Dans un message publié sur son réseau social Truth Social, Donald Trump a averti que si les autorités iraniennes ouvraient le feu sur des manifestants pacifiques, comme il l’accuse de l’avoir fait par le passé, les États-Unis n’hésiteraient pas à intervenir.
« Si l’Iran tire sur des manifestants pacifiques et les tue violemment, comme à son habitude, les États-Unis d’Amérique viendront à leur secours », a-t-il écrit.
Des manifestations meurtrières contre la vie chère
Depuis cinq jours, l’Iran est le théâtre de manifestations dans plusieurs grandes villes du pays.
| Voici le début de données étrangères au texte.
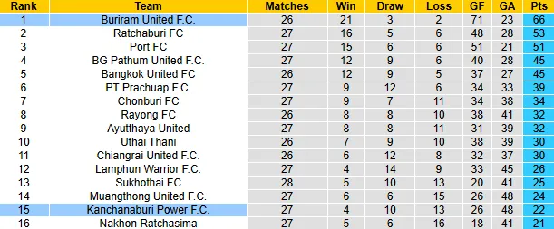 Trái ngược với niềm vui của đội khách, Kanchanaburi Power đang đứng ở vị trí thứ 15 (áp chót) trên BXH với vỏn vẹn 22 điểm. Khoảng cách 4 điểm so với nhóm an toàn là không dễ để Kanchanaburi san lấp khi giải đấu chỉ còn 3 vòng.
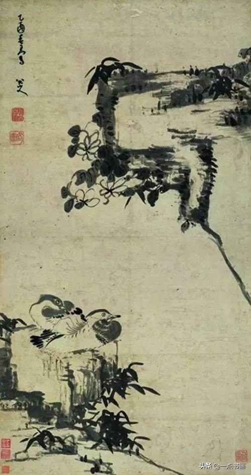 简介:这件作品是八大山人去世之年所画,代表他风格最成熟圆融的阶段。八大山人用墨笔作于明代灰纸上,在构图上采取了对角倚斜之势,上留天头,下着斜坡,图左下角两鸳鸯依偎于巨石之上,右上则是巨石芙蓉,看起来两相呼应,颇有野趣。
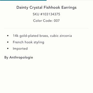 New! Anthropologie 14K Gold Plated Dainty Fish Hook Earrings NWT
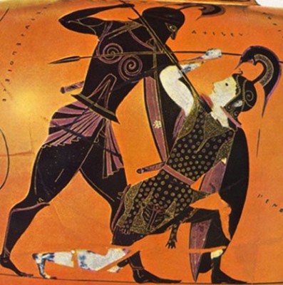 Ο Αχιλλέας σκοτώνει την Πενθεσίλεια.Έργο του Εξηκία.Ο αμφορέας χρονολογείται στο 535-530 π. Χ και βρίσκεται στο Βρετανικό Μουσείο
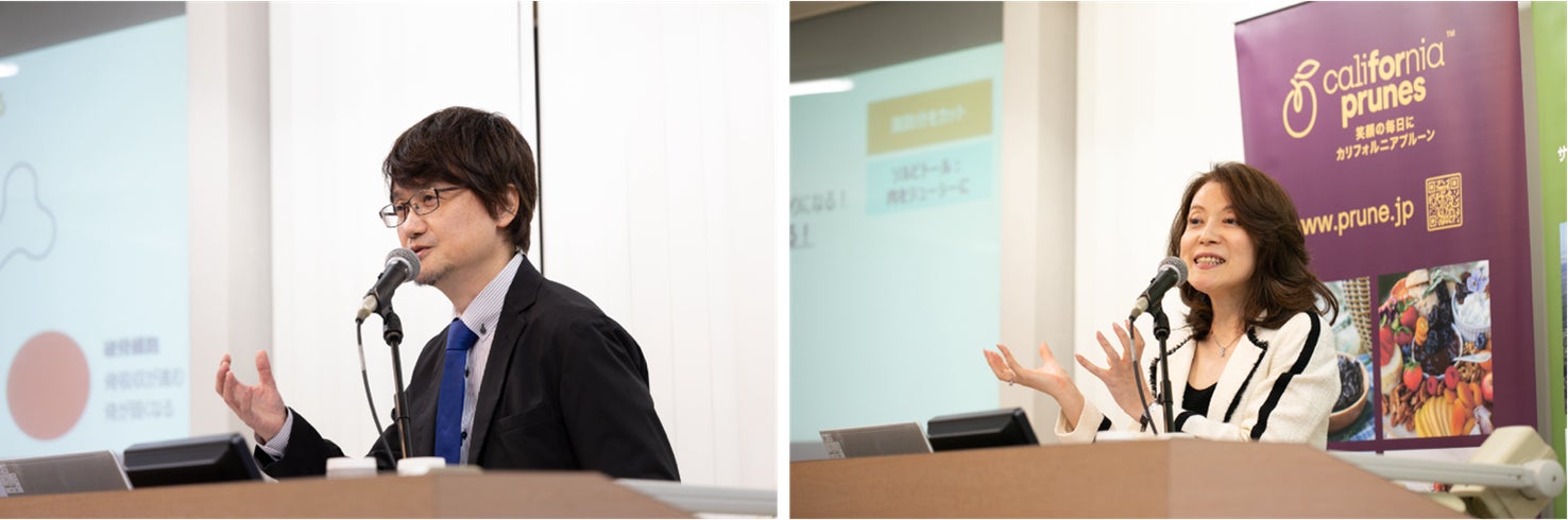 本セミナーでは、文教大学健康栄養学部管理栄養学科 教授 笠岡誠一(かさおか せいいち) 先生による「骨の健康を保つために ~プルーンの効果~」、戸板女子短期大学食物栄養科 管理栄養士 伊達友美(だて ゆみ) 先生による「骨活&フェムケアの秘策!プルーン活用法 ジューシーなうまみをプラスして、女性ホルモンをサポート」について、プルーンの成分を紐解きながら日常的にプルーンを摂取するメリットや摂取方法についてご説明いただきました。

Le mouvement, né d’une contestation contre la flambée des prix, le chômage et la dégradation des conditions de vie, a dégénéré jeudi 1er janvier en violents affrontements avec les forces de l’ordre.
Selon les autorités iraniennes, six personnes ont perdu la vie, dont un membre des forces de sécurité. Il s’agit des premiers morts depuis le début de cette mobilisation sociale, qui inquiète sérieusement le pouvoir en place.
Trump hausse le ton
Dans la foulée, le président américain a adopté un ton particulièrement offensif, affirmant que son pays était prêt à agir militairement si la situation venait à s’aggraver.
« Nous sommes prêts, armés et parés à intervenir », a-t-il déclaré, sans toutefois préciser la nature exacte d’une éventuelle intervention.
Ces propos s’inscrivent dans une rhétorique de fermeté déjà connue de Donald Trump à l’égard de l’Iran, pays avec lequel les relations restent extrêmement tendues depuis son retour à la Maison-Blanche.
La riposte immédiate de Téhéran
La réaction iranienne ne s’est pas fait attendre. Sur le réseau social X, Ali Larijani, conseiller du Guide suprême et figure influente de la sécurité nationale iranienne, a vivement dénoncé les déclarations du président américain.
« Trump devrait savoir que toute ingérence américaine dans cette affaire interne équivaudrait à déstabiliser toute la région et à nuire aux intérêts américains », a-t-il averti.
Dans un message au ton tout aussi menaçant, Ali Larijani a conclu par une mise en garde directe :
« Qu’il prenne garde à ses soldats ».
Un risque de déstabilisation régionale
Ces échanges verbaux ravivent les craintes d’une escalade diplomatique, voire militaire, dans une région déjà marquée par de nombreux conflits. Les analystes redoutent qu’une intervention américaine, même indirecte, ne provoque une réaction en chaîne au Moyen-Orient.
Alors que la contestation sociale se poursuit en Iran, la communauté internationale observe avec inquiétude l’évolution de la situation, redoutant que la crise intérieure iranienne ne se transforme en crise géopolitique majeure.